L'autorité de régulation financière indonésienne a déclaré mercredi que l'annonce de MSCI servirait de catalyseur pour renforcer et accélérer les programmes de réforme des marchés de capitaux lancés depuis janvier.
Pour les fonds passifs et les ETF axés sur les marchés émergents, l’impact devrait être limité, a déclaré Kunhee Park, stratège en investissements pour les actions ETF chez State Street Investment Management, soulignant que la pondération de l’Indonésie dans l’indice MSCI des marchés émergents .MSCIEF avait déjà diminué de plus de moitié cette année, pour passer sous la barre des 0,5%.

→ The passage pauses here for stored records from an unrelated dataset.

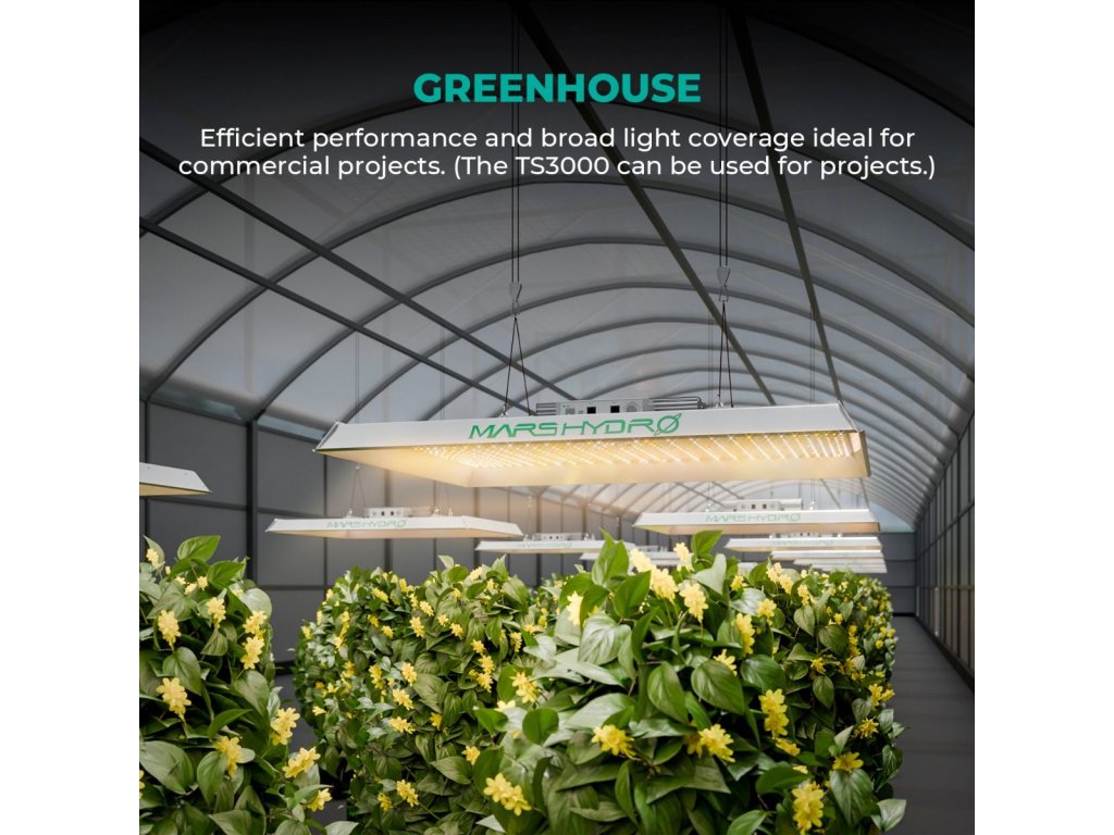 Die MARS HYDRO TS3000 LED GROW Leuchte ist die leistungsstärkste Version der TS Serie. Sie dominiert mit einer Gesamtleistung von 450W und ersetzt damit zuverlässig die 800W Entladungslampe. Die weißen LEDs haben eine geringe Leistungsaufnahme, so dass die Leuchte nicht überhitzt und keine aktive Kühlung benötigt. Das Licht simuliert perfekt das Sonnenlicht und versorgt die Pflanzen mit den notwendigen Nährstoffen. Das reflektierende Design sorgt für eine große Streuung, so dass eine deutlich größere Fläche abgedeckt wird.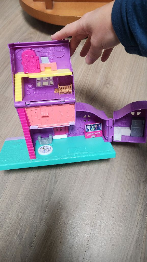 폴리포켓 폴리빌 4층집 미니어처 장난감입니다! 보라색 집 본체와 다양한 인형, 소품들이 함께 포함되어 있습니다. 인형놀이 좋아하는 친구에게 진짜 최고의 선물일 거예요. 옷도 갈아입힐 수 있고 집도 다양한 소품으로 꾸밀 수 있어요~ 저희 아이는 이런 아기자기한 걸 안 좋아해서 엄마 사심으로 사서 갖고 있다 결국 정리합니다ㅎㅎㅎ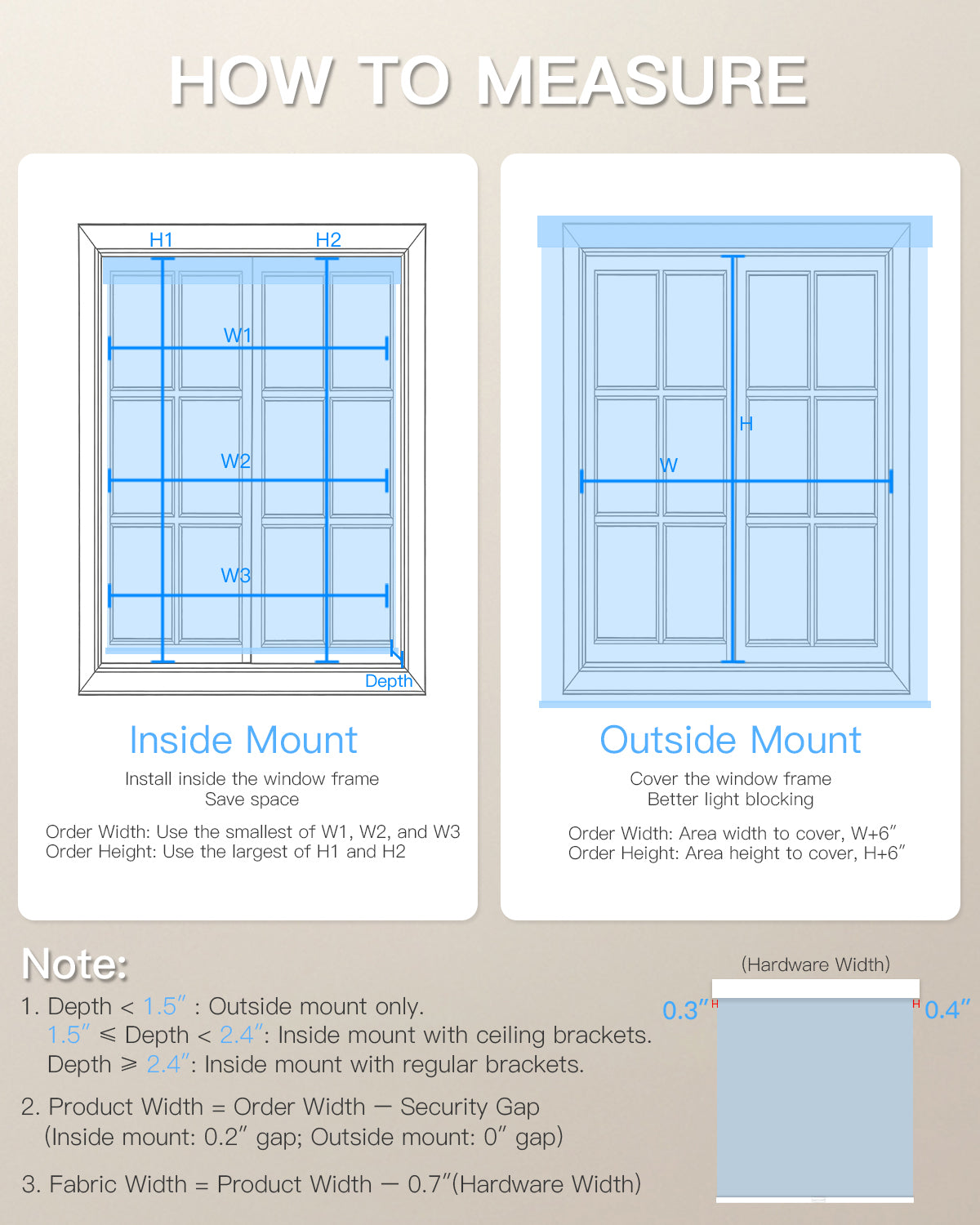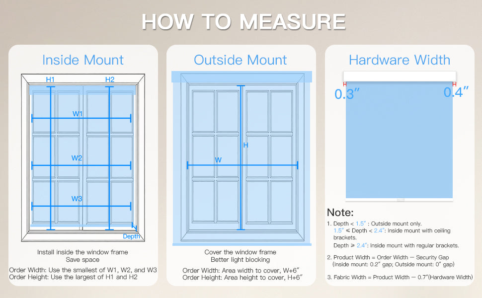 - Innenmontage : Die Mindesttiefe des Fensterrahmens beträgt 1,5 Zoll. Bitte geben Sie die genauen Rahmenmaße an (ohne Abzüge). Der Hersteller garantiert eine perfekte Passform.

L’inquiétude des investisseurs ne cesse de croître face au programme de dépenses du président Prabowo Subianto, qui a soutenu des initiatives telles que la distribution de repas gratuits à des millions de personnes, mais a également contribué à la chute de la roupie IDR= à des niveaux historiquement bas, rendant le contexte général d’investissement fragile.
Les agences de notation Moody's et Fitch ont abaissé leurs perspectives de notation de la dette indonésienne à “négative” en début d'année, invoquant une baisse de la crédibilité des décideurs politiques.

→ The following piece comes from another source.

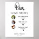 our love story wedding sign, elegant calligraphy welcome sign, wedding entrance story sign, personalised love story sign, romantic wedding welcome signage, black and white love sign, custom couple story sign, printable wedding welcome board, love timeline wedding sign, modern script wedding signage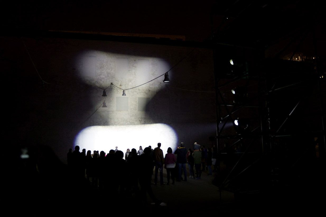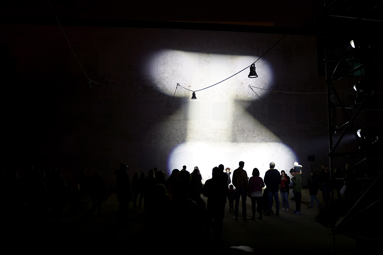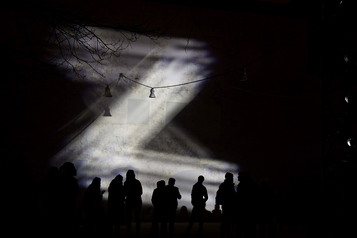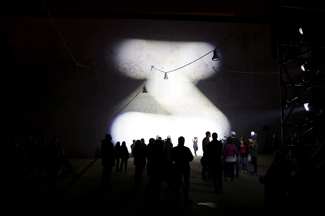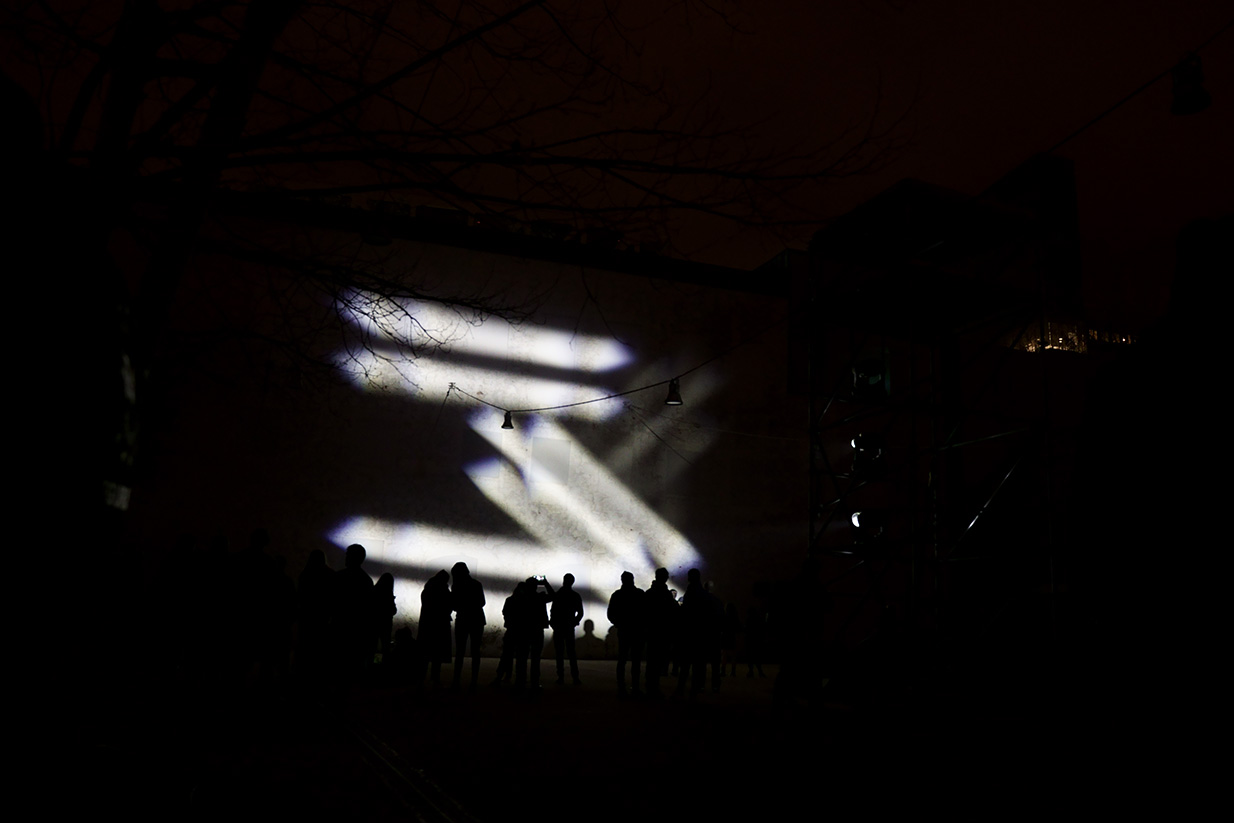 SNN#2: Light/Space/Prop (after Moholy-Nagy) is a dynamic, large-scale light and sound installation designed for a public space that updates Bauhaus artist Lazslo Moholy-Nagy’s 1920s vision of a new “electrified moving image” – a Light Prop for the Electric Stage. Originally created for the city wide LLUM_BCN light festival in Barcelona in February 2020, a series of slowly modulating light images are distorted by lenticular lenses attached to five moving lights mounted in a tower in the center of the Can Framis Art Foundation courtyard. These moving lights rotate so that planes of light images can move across the walls of the Foundation at different speeds and rhythms, influenced by a series of spiking neural networks (SNN’s) visualized and projected at mammoth scale in the space. Moholy-Nagy described a new kind of light environment where “light and motion once again become elements of creation.” SNN#2 transports this vision into our new algorithmic machine age, creating an ever-shifting, almost contemplative environment that radically slows down our own perception of space and time.

Une dégradation de la note serait dévastatrice pour l’Indonésie et pourrait entraîner jusqu’à 13 milliards de dollars de sorties de capitaux du marché boursier, selon les estimations de Goldman Sachs, alors que la valeur boursière cumulée des actions indonésiennes a déjà reculé de 370 milliards de dollars depuis janvier.
Mohit Mirpuri, gestionnaire de fonds chez SGMC Capital basé à Singapour, a déclaré que la prolongation de l’intégration dans l’indice MSCI constituait un résultat plus favorable que ce que beaucoup craignaient, mais a souligné que la balle était désormais dans le camp des régulateurs indonésiens.
“Les prochains mois seront placés sous le signe de la mise en œuvre, de la crédibilité et des résultats concrets, plutôt que de nouvelles annonces politiques”, a-t-il déclaré.